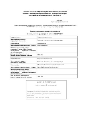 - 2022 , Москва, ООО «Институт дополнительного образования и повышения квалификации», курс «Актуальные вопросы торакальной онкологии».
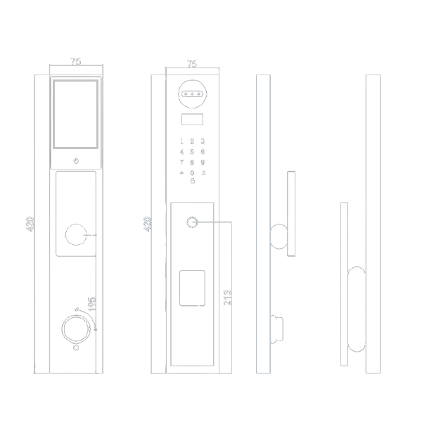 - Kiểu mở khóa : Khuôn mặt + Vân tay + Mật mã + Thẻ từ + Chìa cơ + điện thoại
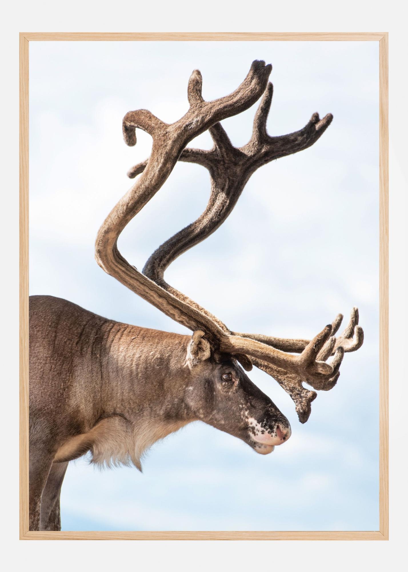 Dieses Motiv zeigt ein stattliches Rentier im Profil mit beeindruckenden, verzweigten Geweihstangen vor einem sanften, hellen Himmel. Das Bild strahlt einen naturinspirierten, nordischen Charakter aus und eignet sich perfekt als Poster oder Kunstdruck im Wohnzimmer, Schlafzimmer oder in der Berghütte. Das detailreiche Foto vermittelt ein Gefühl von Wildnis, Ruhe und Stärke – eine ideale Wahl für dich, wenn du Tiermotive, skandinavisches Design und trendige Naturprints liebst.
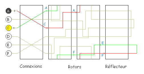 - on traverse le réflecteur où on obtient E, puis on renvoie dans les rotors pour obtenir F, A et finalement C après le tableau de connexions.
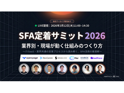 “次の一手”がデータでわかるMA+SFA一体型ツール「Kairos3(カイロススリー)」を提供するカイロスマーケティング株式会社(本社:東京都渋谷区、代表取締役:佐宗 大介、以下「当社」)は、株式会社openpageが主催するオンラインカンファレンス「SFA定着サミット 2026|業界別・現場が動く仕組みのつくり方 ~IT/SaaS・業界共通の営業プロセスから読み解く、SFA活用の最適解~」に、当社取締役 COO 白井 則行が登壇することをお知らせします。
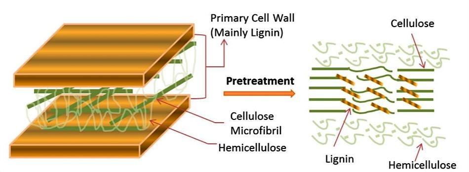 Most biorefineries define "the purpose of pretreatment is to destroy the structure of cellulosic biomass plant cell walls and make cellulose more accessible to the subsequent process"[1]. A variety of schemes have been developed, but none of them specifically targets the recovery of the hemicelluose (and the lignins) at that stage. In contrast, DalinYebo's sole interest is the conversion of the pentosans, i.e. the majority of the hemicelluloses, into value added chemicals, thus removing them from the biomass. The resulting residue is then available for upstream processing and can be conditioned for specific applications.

WORK INSTRUCTIONS ->
Restate verbatim the lines that begin at the one holding "COO 白井 則行が登壇することをお知らせします。" and end at the last line of the material. Exclude pictures.

WRITTEN RESPONSE ->
 “次の一手”がデータでわかるMA+SFA一体型ツール「Kairos3(カイロススリー)」を提供するカイロスマーケティング株式会社(本社:東京都渋谷区、代表取締役:佐宗 大介、以下「当社」)は、株式会社openpageが主催するオンラインカンファレンス「SFA定着サミット 2026|業界別・現場が動く仕組みのつくり方 ~IT/SaaS・業界共通の営業プロセスから読み解く、SFA活用の最適解~」に、当社取締役 COO 白井 則行が登壇することをお知らせします。
 Most biorefineries define "the purpose of pretreatment is to destroy the structure of cellulosic biomass plant cell walls and make cellulose more accessible to the subsequent process"[1]. A variety of schemes have been developed, but none of them specifically targets the recovery of the hemicelluose (and the lignins) at that stage. In contrast, DalinYebo's sole interest is the conversion of the pentosans, i.e. the majority of the hemicelluloses, into value added chemicals, thus removing them from the biomass. The resulting residue is then available for upstream processing and can be conditioned for specific applications.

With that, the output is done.